Support Questions

Find answers, ask questions, and share your expertise
Announcements
Celebrating as our community reaches 100,000 members! Thank you!

[Solved] : sqoop-import MsSQL table into HDFS

avatar
Contributor

Hi All,

I have one table in MsSQL Database.

I want to import one table into Hive by using --target-dir parameter.

I have selected default Database in MsSQL for Hive.

My Observation:

sqoop import --connect jdbc:sqlserver://<HOST>:<PORT> --username XXXX --password XXXX --table <mssql_table>  --hive-import --hive-table <hivedatabase.hivetable> --create-hive-table --target-dir '<PATH_WHERE_TO_STORE_IMPORTED_DATA>' --fields-terminated-by',' -m 1 
P.S.: I have tried with --warehouse-dir also.

76455-sqoopimport.jpg

Regards,

Jay.

1 ACCEPTED SOLUTION

avatar
Master Guru
@JAy PaTel

in your file.par file keep --target-dir argument value in new line not in the same line that --target-dir

I think now you are having in options file --target-dir as below

--target-dir '/user/root/hivetable' 

Change the --target-dir argument value to newline i.e

--target-dir
'/user/root/hivetable'

Example:

Sample file.par i have tried

bash$ cat file.par
import --connect 'jdbc:sqlserver:/'<HOST>:<PORT>' --username XXXX --password XXXX --table <tab_name> --hive-import --hive-table default.<tab_name> --create-hive-table --target-dir '/user/root/hivetable' --fields-terminated-by
',' -m 1

View solution in original post

7 REPLIES 7

avatar
Master Guru
@JAy PaTel

in your file.par file keep --target-dir argument value in new line not in the same line that --target-dir

I think now you are having in options file --target-dir as below

--target-dir '/user/root/hivetable' 

Change the --target-dir argument value to newline i.e

--target-dir
'/user/root/hivetable'

Example:

Sample file.par i have tried

bash$ cat file.par
import --connect 'jdbc:sqlserver:/'<HOST>:<PORT>' --username XXXX --password XXXX --table <tab_name> --hive-import --hive-table default.<tab_name> --create-hive-table --target-dir '/user/root/hivetable' --fields-terminated-by
',' -m 1

avatar
Contributor

Thank you @Shu.

This minor mistake I didn't notice. Your observation works.

Jay.

avatar
Contributor

Hi @Shu,

Thank you for the positive reply. But my observation did not import MsSQL table into selective target directory in HDFS means not importing into '/user/root/hivetable'. It is storing a table into '/apps/hive/warehouse/' directory.

Jay.

avatar
Master Guru
@JAy PaTel

While running hive import target-dir argument value controls where the data needs to store temporarily before loading into Hive table, but target-dir doesn't create hive table in that location.

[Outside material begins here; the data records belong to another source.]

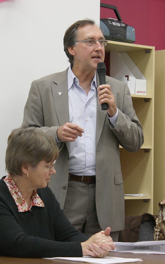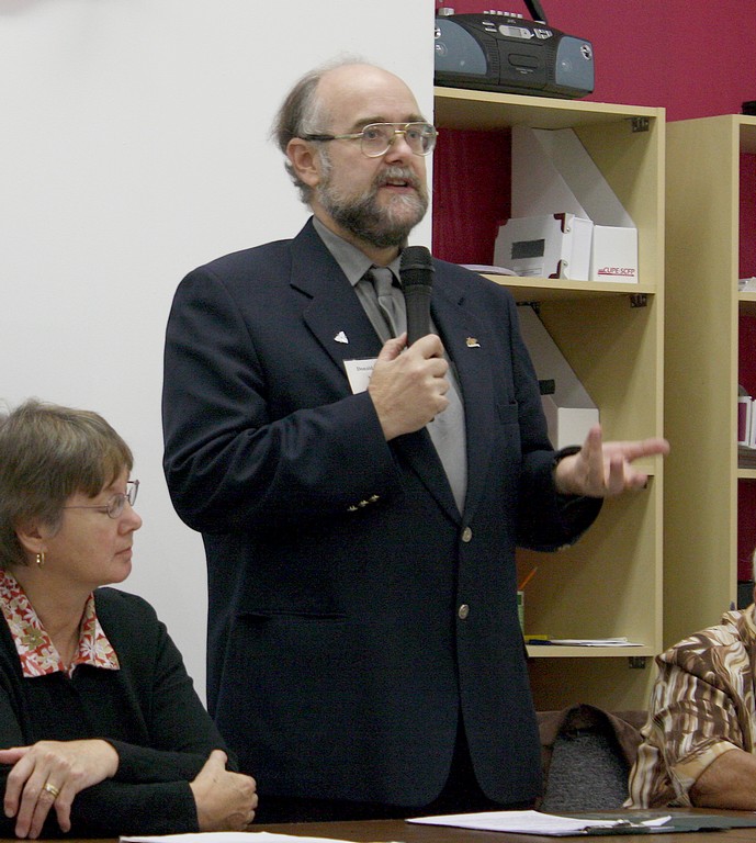 Donald Barber answers one of the questions from the audience. |
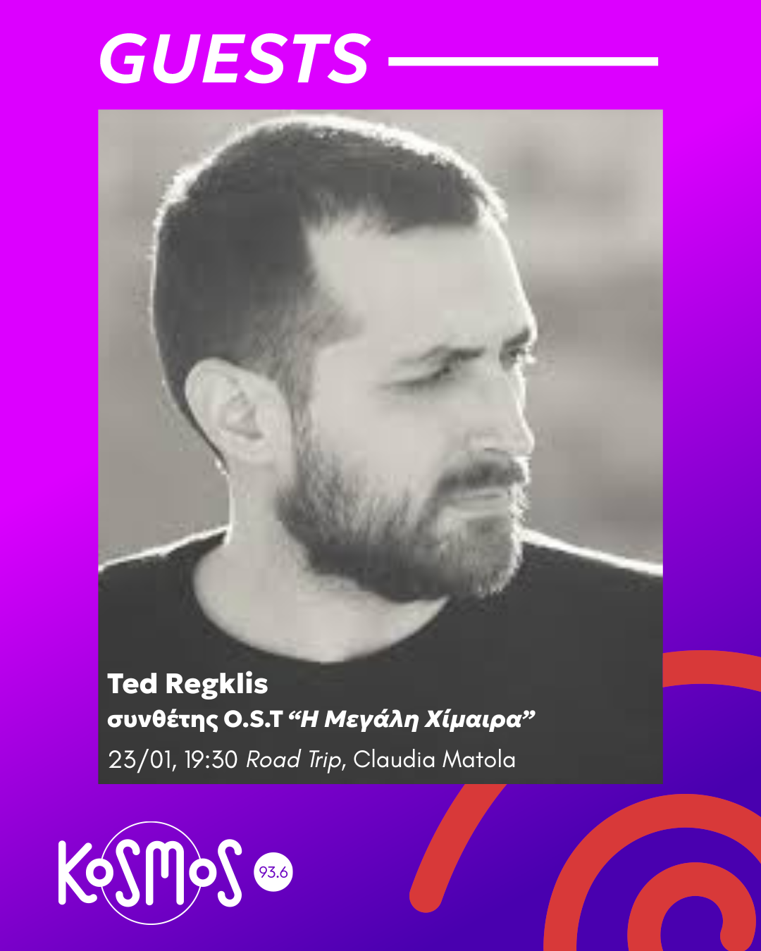 Την Παρασκευή 23 Ιανουαρίου 2026, στις 19:30, η Κλάουντια Μάτολα υποδέχεται στο στούντιο του Kosmos 93.6, έναν από τους πιο χαρισματικούς μουσικούς δημιουργούς της νέας γενιάς, τον Ted Regklis (Θοδωρή Ρέγκλη).
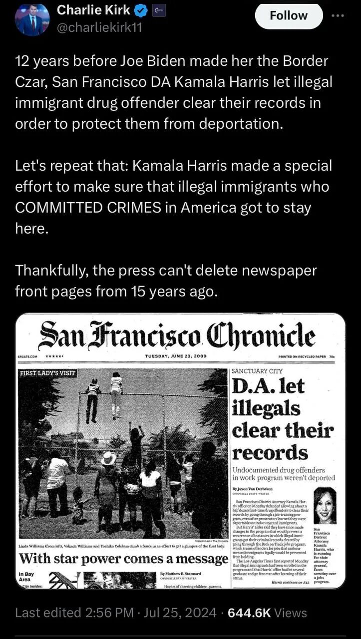13、帮非法移民销罪方便留美 https://x.com/charliekirk11/status/1816578351462584419
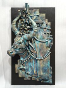 The present series incorporates his creative and innovative sculpture on bulls, horses, spiritual icons, idols etc in Bronze & FRP. The special features of his work are the superb finesse and textural finish for the creative endeavors in his unique creative style. They transcend form and materials in addition to very essence of human experience. Using both traditional techniques and contemporary sensibilities he has created these sculptures which duly explore the delicate balance between nature, culture and identity in apt perspectives. These innovative works are not only captivating, eye catching and lucid but also eloquent and creative in their own way. These in turn, share a dialogue with the viewers and onlookers leading to their warm response and due appreciations. His thoughtful and superb innovations soon leave their indelible impact on all leading to their applauds and positive response.
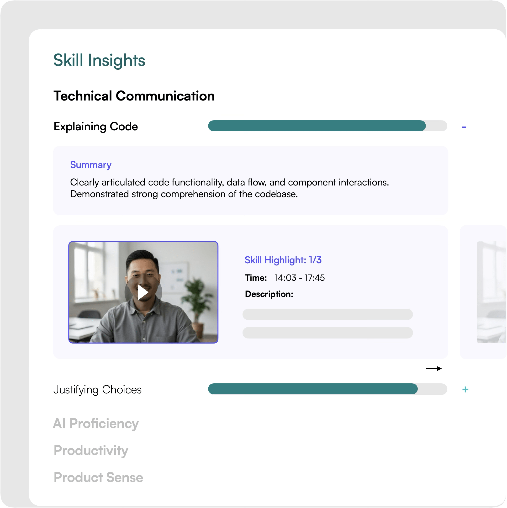 AI proficiency is part of what we evaluate, but Karat NextGen is far more comprehensive than a traditional AI skills test. It’s a holistic evaluation of real-world engineering, assessing problem-solving, technical communication, systems thinking, and how candidates leverage AI as part of their broader engineering toolkit.

If you want to import to specific directory then use target-dir without hive-import argument and create hive table on top of HDFS directory.

(or)

Create Hive external table pointing to your target-dir then in sqoop import remove --create-hive-table argument and --target-dir.

-

your issue in comments is because of --target-dir already exists, so comment it out (or) remove the --target-dir arguments in your options-file then run sqoop import again.

avatar
Contributor

Thank you for respond @Shu.

Yes, I deleted --create-hive and --hive-import argument and created external hive table into '/user/root/hivetable/' directory and execute the following command;

sqoop import --connect jdbc:sqlserver://<HOST>:<PORT> --username XXXX --password XXXX --table <mssql_table> --hive-table <hivedatabase.hivetable> --target-dir '/user/root/hivetable/' --fields-terminated-by ',' -m 1

But it says "File already exists".

77411-sqoopimporthive.jpg

Regards,

Jay.

avatar
Master Guru
@JAy PaTel

The error that you are facing is because of missing --hive-import argument.

Sqoop job storing the data to /user/root/hivetable/(because you are running sqoop import as root user and the table name is hive table).

if you have already created hive external table then your sqoop options file needs to be like below.

import
--connect
jdbc:sqlserver://<HOST>:<PORT> 
--username
XXXX 
--password
XXXX 
--table
<mssql_table>
--hive-import
--hive-table
<hivedatabase.hivetable> 
--fields-terminated-by
","
-m
1

by using this way we are going to append the data into hive table every time.

avatar
Contributor

@Shu

Thank you so much. Your command works for me.

So as per my observation for `sqoop-import` command;

We can not use --hive-import and --target-dir/--warehouse-dir both arguments at once. If we have already created external hive table at target directory.

Note:

  1. If we want to import data of RDBMS table into Hadoop and into the specific directory in HDFS, then the user only --target-dir argument.
  2. If we want to import RDBMS table into Hive table into the specific HDFS directory; then, first of all, create external hive table and use only --hive-import argument.
  3. if when we want to use --query argument. we can use both arguments at once.i.e., --hive-import and --target-dir/warehouse-dir

Regards,

Jay.